David Eby, who is in charge of ICBC, says the government has to go further than policies it enacted since coming into office this past summer to deal with the agency’s economic woes and that a package of new measures will be announced in early 2018.

“What we have announced to date is not sufficient to address a corporation that is losing hundreds of millions of dollars every year, and is on track to continue to do that” Mr. Eby said in an interview.

“The expectation is that we are putting in reforms that will change ICBC from an organization that would need a 20-per-cent-plus rate increase for drivers to one that would need zero rate increase and may actually be able to provide savings on existing rates for good drivers,” he said.

Mr. Eby said the government is looking “very seriously” at caps on minor injuries, as well as court changes that would lead to quicker resolution and require fewer experts to be hired.

On the legal front, the Attorney-General said that about 25 cents of every claim dollar goes to legal costs and so there’s an opportunity there to bring costs down.

He also said the government is looking at the oversight of how auto-body costs are paid, and a more nuanced recognition of driving records so good drivers pay less and bad drivers pay more.

Mr. Eby said it is too soon to get into the economic impacts of the specific measures, saying they are now being reviewed.

“We want to turn ICBC from a money loser into a break-even organization at a minimum, and we think that the reforms that we’re looking at have the possibility of doing that, and they’re obviously critically important if we want the insurer to survive.”

Vehicle owners in B.C. are required to buy basic coverage through ICBC though they can seek optional extra coverage from private insurers.

In essence, payouts of ICBC legal costs and auto repairs are exceeding funds collected in premiums. ICBC had losses totalling more than $500-million last year. Mr. Eby has previously said the average driver can expect an annual rate increase of 8 per cent, or $130, given the difficulties.

A recent report from Ernst & Young commissioned by B.C.’s former Liberal government said rates would need to increase 30 per cent by 2019 to cover costs, and recommended various measures for dealing with ICBC’s challenges.

Mr. Eby said the report has provided some good ideas, but that the government has moved far beyond the document in seeking ideas, consulting trial lawyers and ICBC employees, among others.

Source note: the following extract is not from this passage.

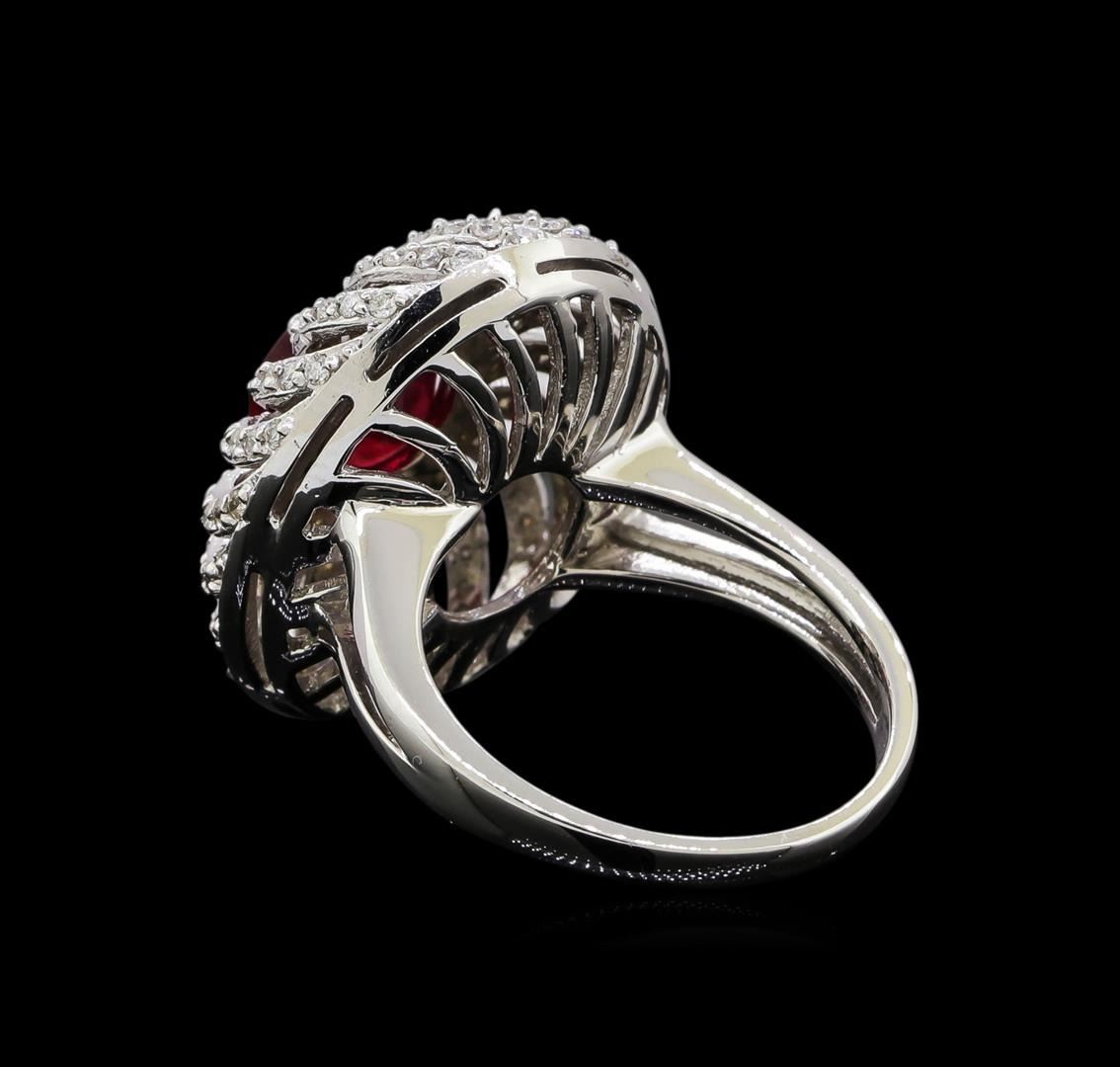 One electronically tested 14KT white gold ladies cast ruby and diamond ring with a bright polish finish. Identified with markings of "K14". Condition is new. Containing: One prong set round modified brilliant cut ruby, measuring 7.50 - 7.50 x 4.88 mm, approximate weight of 2.73ct., clarity is heavily included, type II, medium, very slightly brownish, strongly purplish red color, (GIA stpR 5/3), cut is good. One Hundred Sixty prong set round brilliant cut diamonds, measuring 1.10 - 1.10 x 0.66mm (depth est.) approximate total weight of 160 Stones = 0.98ct. Clarity: I-1 to I-2. Color: H - I, Cut is Good. Colored gemstones are presumed to have been subjected to commonly used enhancement processes. All diamonds and colored gemstones are graded in the mounting, unless otherwise stated. Total Weight of Colored Stones 2.73ct. Total Weight of Diamonds 0.98ct. Total Weight of Ring 8.30 grams. GGL Appraised.

ICBC chair Joy MacPhail said on Wednesday she is aware of Mr. Eby’s proposed solutions, and that changes at ICBC since the NDP have come to power are doing nothing to stem the increasing number of claims and costs of the claims.

Ms. MacPhail, a former finance minister in a previous NDP government, said caps on accident payouts will have to be “calculated, studied, modelled” and the result of extensive consultation.

But she said B.C. is behind other jurisdictions, that have made the changes the NDP is considering. “We’re the only jurisdiction in North America that has a full tort system where one can sue unreservedly for every claim, whether it be a catastrophic claim or a bodily injury claim,” she said.

Ms. MacPhail said she expected it could take until 2019 to see positive change at ICBC. She said the Ernst & Young report was the fifth independent review done by the BC Liberals while in office.

The comments from Mr. Eby and Ms. MacPhail came as some BC Liberals reflected, at a leadership debate last weekend, on the party’s track record in managing ICBC.

Without providing details, Andrew Wilkinson said it would take a “big overhaul” of insurance regulation in B.C. to make lower ICBC rates possible.

Todd Stone, a former transportation minister, said “all creative solutions” should be considered. “We’ve got to do better for the drivers of British Columbia and that means to continue to throw everything we can to keep rates down and as affordable as possible.”